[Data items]

• • • • •

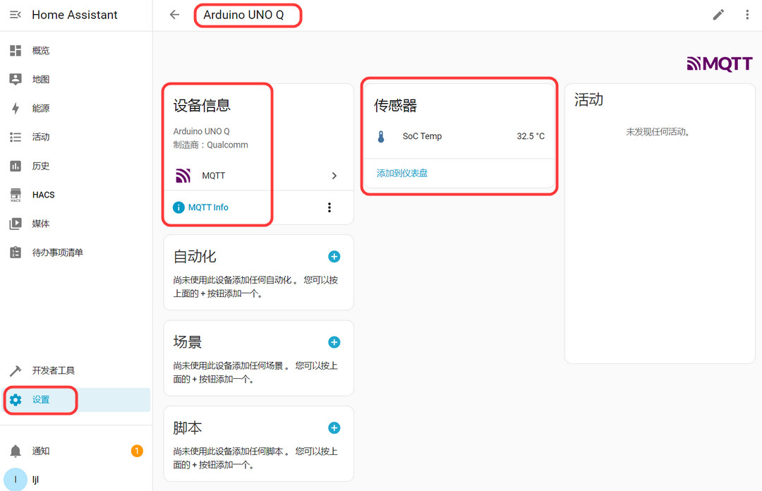 Arduino UNO Q 开发板结合 MQTT 与 Home Assistant 实现物联网 SoC 温度数据采集和远程监控。
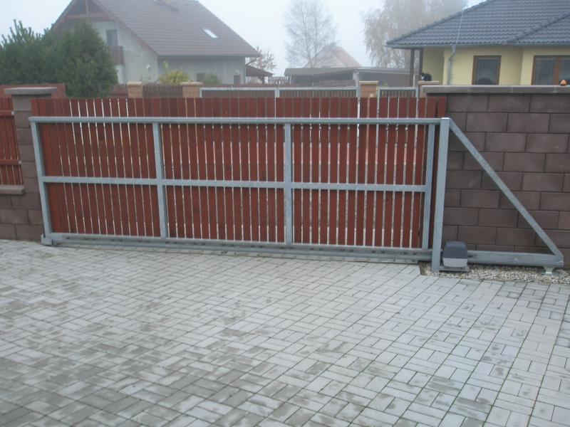 Samonosná vjezdová bráne na nosném "C" profilu, s pohonem.
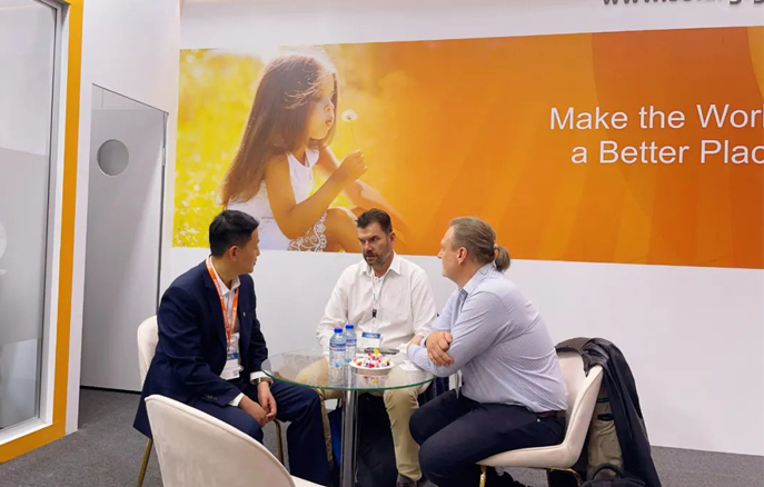 本届德国展,阳光能源展出了我司的“明星产品”——GIGA系列组件,其卓越的性能和高效的转换效率,深受客户好评。现场,阳光能源工作人员还与来自世界各地的业内人士展开了深度交流与业务洽谈。
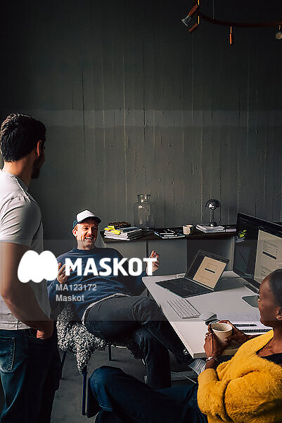 Glad ung man pratar med kollegor vid skrivbord
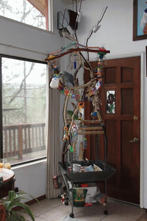 Birds get bored easily, which is why they should have a play gym. On the side of Ick's, is a little wagon, and his red roller skates, which he will eventually (hopefully!) learn a couple tricks with. Ick hasn't discovered the treats kept at the bottom, but it's just a matter of time before they will have to be moved. The empty TP rolls near the top make for fun shredding and only last a day or so before they are mulched into nothingness. LOL...my neighbors save them for the kids, so we are never in short supply. This picture is included in the On a wing and a prayer - Life with Icarus photo album belonging to Badger. It has been uploaded on 1 Apr 2012 at 9:55PM. Votes: 0 You can return to Badger's album or open your photo album. Comments No comments have been posted yet. (You must be logged in to post comments) |
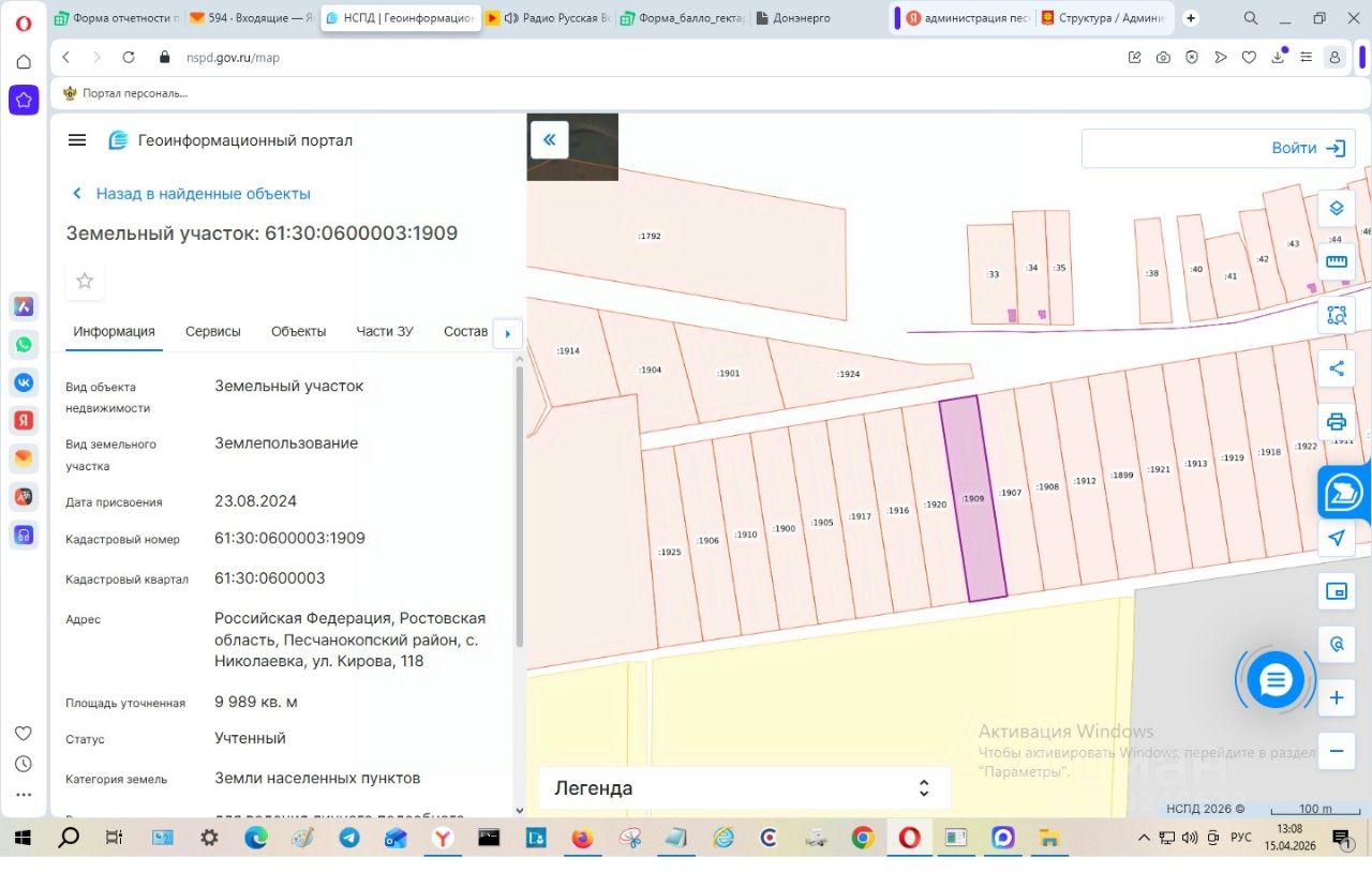 Земельный участок из состава земель населенных пунктов, площадью 9989 кв.м., с разрешенным использованием для ведения личного подсобного хозяйства (приусадебный земельный участок), расположенный по адресу: Российская Федерация, Ростовская область, Песчанокопский район, с. Николаевка, ул. Кирова, 118
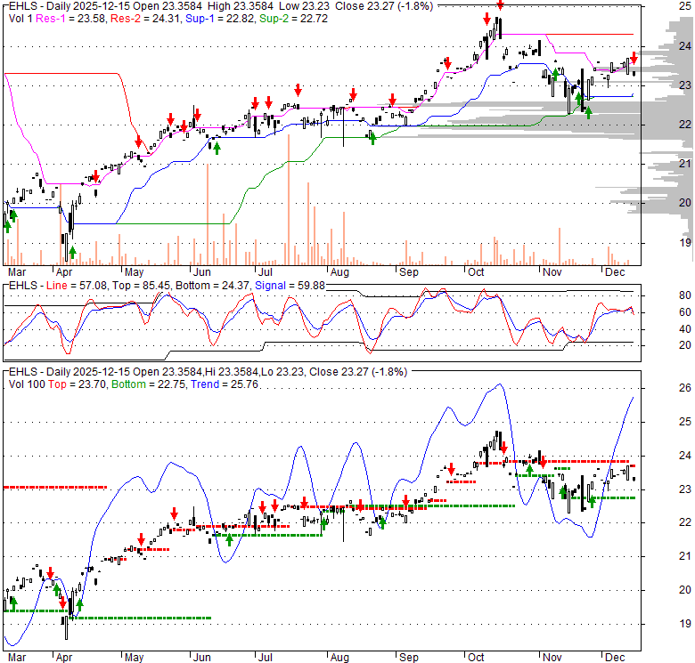 Price has closed below its short-term moving average. Short-term moving average is currently above mid-term; and above long-term moving average. From the relationship between price and moving averages: This stock is NEUTRAL in short-term; and BULLISH in mid-long term.[ EHLS ] has closed above bottom band by 28.8%. Bollinger Bands are 38.6% narrower than normal. The current width of the bands does not suggest anything about the future direction or movement of prices.
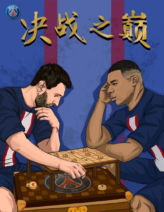 巴黎官方晒出了梅西和姆巴佩在下棋的海报,灵感无疑是来自于此前梅西和C罗下棋的照片。
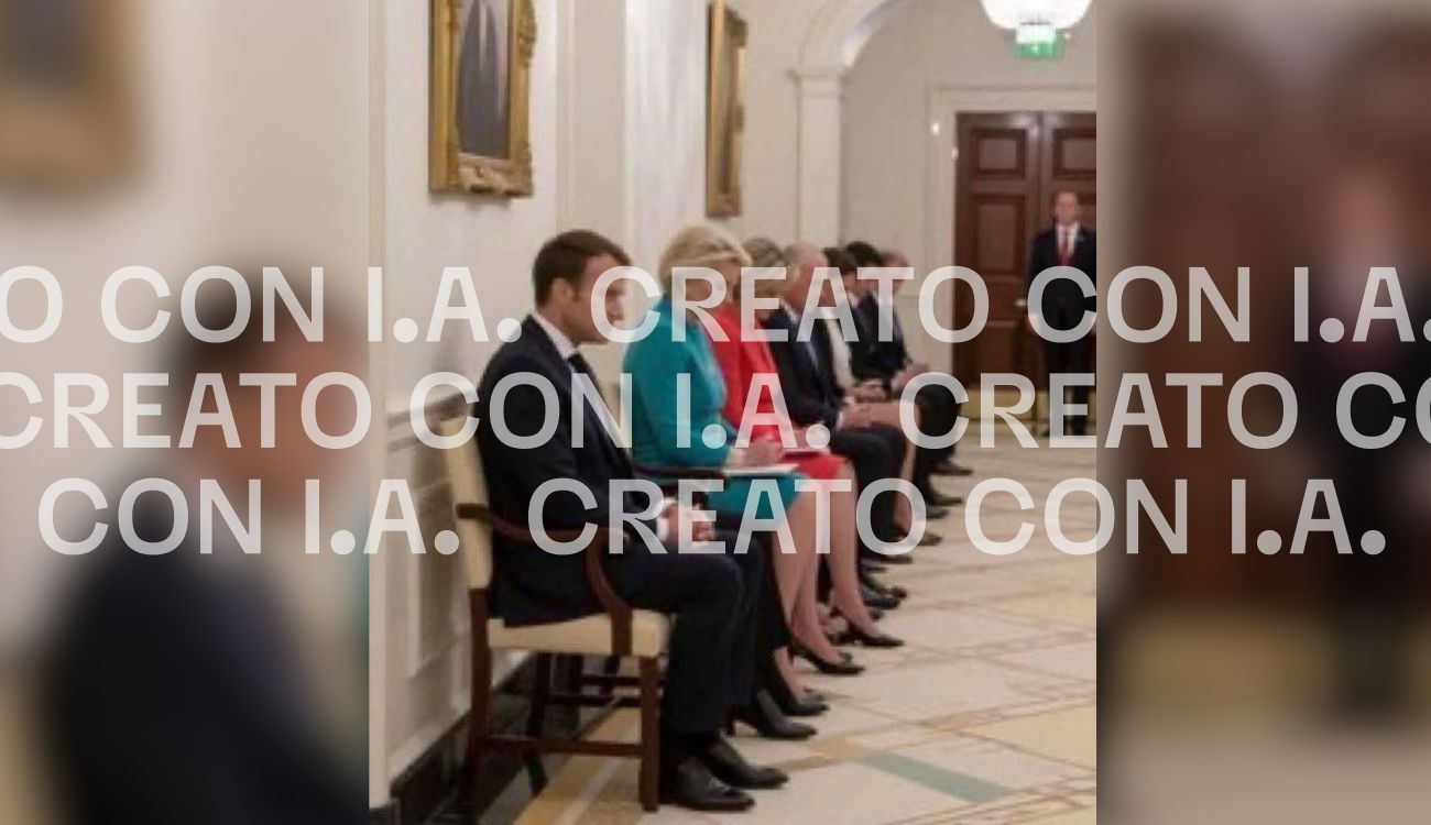 L’ultima proposta di Macron contro la disinformazione ha generato un bel po’ di disinformazione - Questa foto dei leader europei a capo chino in attesa alla Casa Bianca è falsaQuesta foto dei leader europei a capo chino in attesa alla Casa Bianca è falsa
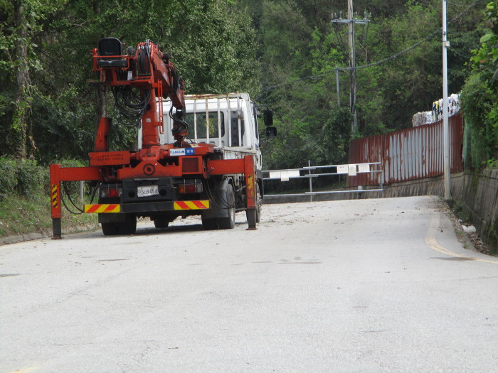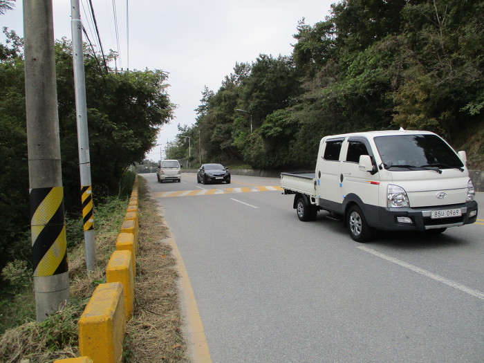 올라오이 차들이 억사구로 마이 댕기는 번잡한 도로인데다 도로를 내니라꼬 사면을 깍아나가 벼랑

• • • • •

■ What needs to be done ■
Your copy must reproduce the entries above in full, without their pictures.

■ Answer to this exercise ■
 Arduino UNO Q 开发板结合 MQTT 与 Home Assistant 实现物联网 SoC 温度数据采集和远程监控。
 Samonosná vjezdová bráne na nosném "C" profilu, s pohonem.
 本届德国展,阳光能源展出了我司的“明星产品”——GIGA系列组件,其卓越的性能和高效的转换效率,深受客户好评。现场,阳光能源工作人员还与来自世界各地的业内人士展开了深度交流与业务洽谈。
 Glad ung man pratar med kollegor vid skrivbord
 Birds get bored easily, which is why they should have a play gym. On the side of Ick's, is a little wagon, and his red roller skates, which he will eventually (hopefully!) learn a couple tricks with. Ick hasn't discovered the treats kept at the bottom, but it's just a matter of time before they will have to be moved. The empty TP rolls near the top make for fun shredding and only last a day or so before they are mulched into nothingness. LOL...my neighbors save them for the kids, so we are never in short supply. This picture is included in the On a wing and a prayer - Life with Icarus photo album belonging to Badger. It has been uploaded on 1 Apr 2012 at 9:55PM. Votes: 0 You can return to Badger's album or open your photo album. Comments No comments have been posted yet. (You must be logged in to post comments) |
 Земельный участок из состава земель населенных пунктов, площадью 9989 кв.м., с разрешенным использованием для ведения личного подсобного хозяйства (приусадебный земельный участок), расположенный по адресу: Российская Федерация, Ростовская область, Песчанокопский район, с. Николаевка, ул. Кирова, 118
 Price has closed below its short-term moving average. Short-term moving average is currently above mid-term; and above long-term moving average. From the relationship between price and moving averages: This stock is NEUTRAL in short-term; and BULLISH in mid-long term.[ EHLS ] has closed above bottom band by 28.8%. Bollinger Bands are 38.6% narrower than normal. The current width of the bands does not suggest anything about the future direction or movement of prices.
 巴黎官方晒出了梅西和姆巴佩在下棋的海报,灵感无疑是来自于此前梅西和C罗下棋的照片。
 L’ultima proposta di Macron contro la disinformazione ha generato un bel po’ di disinformazione - Questa foto dei leader europei a capo chino in attesa alla Casa Bianca è falsaQuesta foto dei leader europei a capo chino in attesa alla Casa Bianca è falsa
 올라오이 차들이 억사구로 마이 댕기는 번잡한 도로인데다 도로를 내니라꼬 사면을 깍아나가 벼랑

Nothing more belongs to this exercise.